Use the canny function for detecting edges in an image. The algorithm finds locations of edges very accurately and minimizes the appearance of false edges.
1. Use the READ_IMAGE function to read in an artificial image.
2. Use the zoom function to enlarge the image and use the WRITEBMP function to write the zoomed image to a file.
3. Apply the canny function to the original image, and write the result to a file.
4. Insert the new image and compare it with the zoomed image.
(pattern_zoomed.bmp)
(pattern_canny.bmp)
5. Change the above function argument values and view the effect on the edges in the output image.

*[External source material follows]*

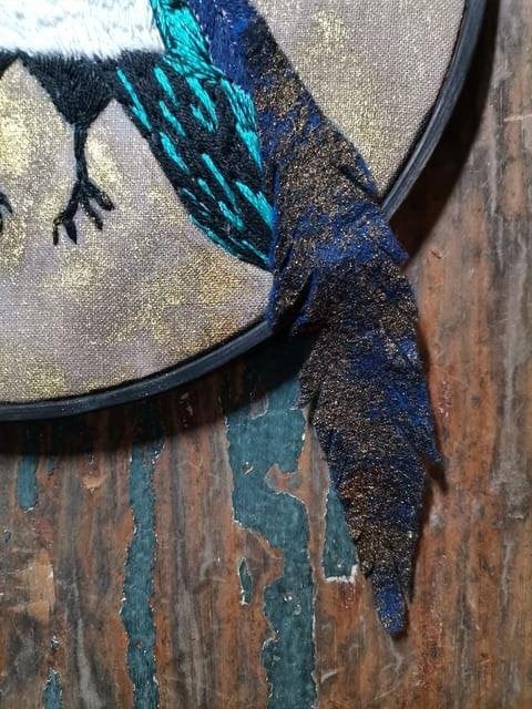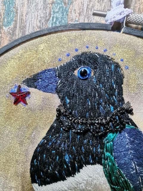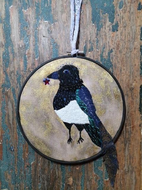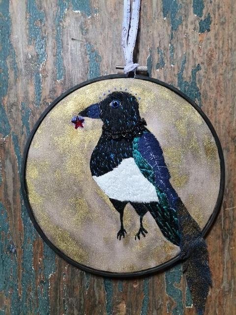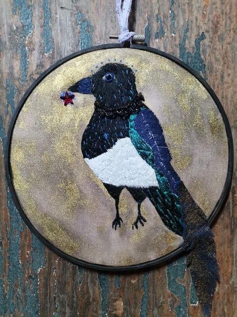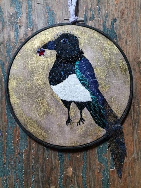 A hand embroidered magpie based on my own drawing, set in an embroidery hoop.

◦ Larger values of sigma produce coarser edges (better for the noisy horizontal strip), but a loss of detail elsewhere (for example, two edges may start merging into one).
◦ Larger values of the lower threshold leads to a cleaner edge image because only edges above a certain gradient value are retained.
◦ Larger values of the upper threshold illustrates the effect of hysteresis thresholding.
◦ Larger values of high result in the complete disappearance of edges corresponding to objects with no pixel on a connected edge of intensity greater than high.
Natural Image
Detecting boundaries within a head image.
1. Read in a brain image and apply the canny function to it.
2. Write the result to a file.
3. Insert and compare the two images.
(brain.bmp)
(brain_canny.bmp)
The canny function detects the most salient edges including the head and brain boundaries. You can tweak the level of detail by adjusting the values of the function arguments.
4. Read in a finger print image and apply the canny function to it.
5. Write the result to a file.
6. Insert and compare the two images.
(fingerp.bmp)
(fingerp_canny.bmp)
The canny function detects the boundaries of the major contours on the fingerprint image, which can then be input to a pattern-recognition system.
7. Read in a human image and apply the canny function to it.